This Article explores some of the legal initiatives and reforms that opponents of same-sex marriage in Canada and the United States have pushed forward. Despite being animated by a desire to dilute the protections for same-sex couples, these reforms resulted in “queering” family law, in the sense that they functionalized the notion of family. Consequently, two cohabiting relatives or friends would be eligible for legal recognition, along with all the public and private benefits of such recognition. I term these kinds of “unions” and other nonnormative relationships to be “new families.”
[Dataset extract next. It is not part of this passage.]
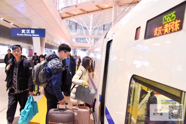 31日,武鐵加開至廣州、上海、北京、宜昌等地列車共113列提升運力。武漢火車站加開荊州、宜昌、黃岡、黃石等熱門方向動車10趟,繼續加開廣州、上海到武漢的夜行高鐵7趟。2月1日,武鐵還將加開漢口至重慶D4055次、漢口至上海D4588次等53列動車,武昌至北京西Z4178次、漢口至溫州K4558次等45列普速客車共98列提升運力。
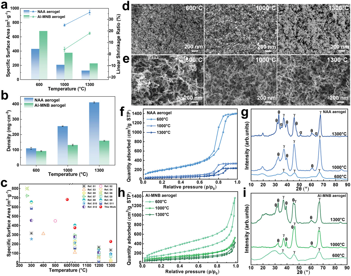 这种一维纳米带基元结构的构筑,避免了纳米颗粒组装的基元结构中的颗粒间节点的形成,减少了应力集中点的同时抑制了高温下的传质和相变,MNB气凝胶因此表现出优异的力学性能和耐高温性能。Al-MNB气凝胶能够承受高达80%的压缩而不碎裂,而传统纳米颗粒组装的氧化铝气凝胶仅能承受4%的压缩。此外,Al-MNB气凝胶在高温实验中表现出优异的耐火性和高温隔热性能,1300°C热处理2小时后仍能保持228m2/g的高比表面积,丁烷喷枪火焰灼烧300s后平均背温仅为68.6°C。

The central claim of this Article is thus that new families should build alliances with conservative fringe groups and capitalize on their common interest in creating legal alternatives to marriage. Section I of the Article will provide a primer on the legal remedies available to non-normative relationships. Section II will engage in a comparative analysis of conservative reforms in the United States and Canada that ended up extending eligibility requirements to new families, or that, although currently restricted to conjugal couples, could constitute a viable model for protecting all new families, if their eligibility requirements were amended. Section III tries to operationalize legal recognition by analyzing the potential paths to gain it. I will first anticipate and respond to criticism surrounding recognition of new families, and then will lay the foundation for rethinking queer activists’ political action. I will then offer some recommendations (a) on the best model for implementation and (b) on forming alliances with conservative groups.